• [WORK ITEM] Your answer must be only the lines below from the one containing "تتابعون في الفيديو" through the one containing "The lawyer and", copied exactly, with the pictures left out.

• [DATA FOR THIS EXERCISE]

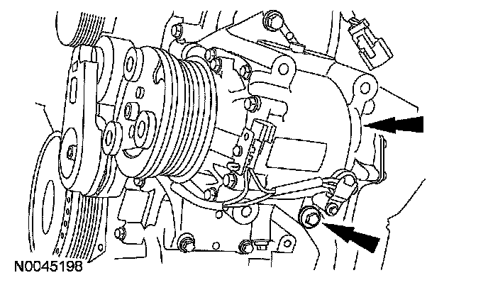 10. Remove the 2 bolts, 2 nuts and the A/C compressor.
--
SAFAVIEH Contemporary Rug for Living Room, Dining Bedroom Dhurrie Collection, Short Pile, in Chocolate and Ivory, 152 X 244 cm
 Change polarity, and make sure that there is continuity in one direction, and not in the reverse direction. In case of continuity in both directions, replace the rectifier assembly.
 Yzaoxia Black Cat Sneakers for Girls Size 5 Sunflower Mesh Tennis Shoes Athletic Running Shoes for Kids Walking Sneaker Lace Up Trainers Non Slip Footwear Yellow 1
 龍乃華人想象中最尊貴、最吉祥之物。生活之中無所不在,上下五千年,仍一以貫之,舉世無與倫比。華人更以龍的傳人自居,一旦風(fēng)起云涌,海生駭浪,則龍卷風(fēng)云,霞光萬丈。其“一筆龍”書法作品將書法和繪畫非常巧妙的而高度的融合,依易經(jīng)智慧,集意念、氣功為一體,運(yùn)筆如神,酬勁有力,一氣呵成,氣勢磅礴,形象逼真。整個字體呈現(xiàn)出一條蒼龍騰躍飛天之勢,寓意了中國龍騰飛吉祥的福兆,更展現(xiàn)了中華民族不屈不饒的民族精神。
==
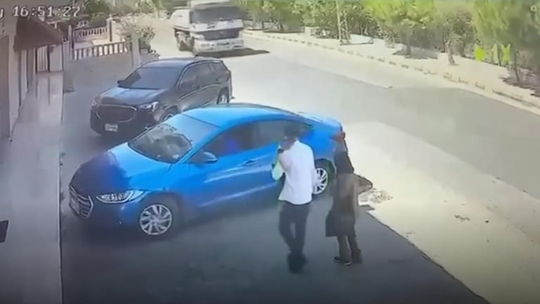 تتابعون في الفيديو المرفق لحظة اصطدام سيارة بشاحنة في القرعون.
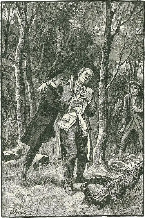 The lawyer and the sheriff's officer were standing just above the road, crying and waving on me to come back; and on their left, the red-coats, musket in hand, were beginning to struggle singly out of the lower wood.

• [PROBLEM SOLUTION]
 تتابعون في الفيديو المرفق لحظة اصطدام سيارة بشاحنة في القرعون.
 The lawyer and the sheriff's officer were standing just above the road, crying and waving on me to come back; and on their left, the red-coats, musket in hand, were beginning to struggle singly out of the lower wood.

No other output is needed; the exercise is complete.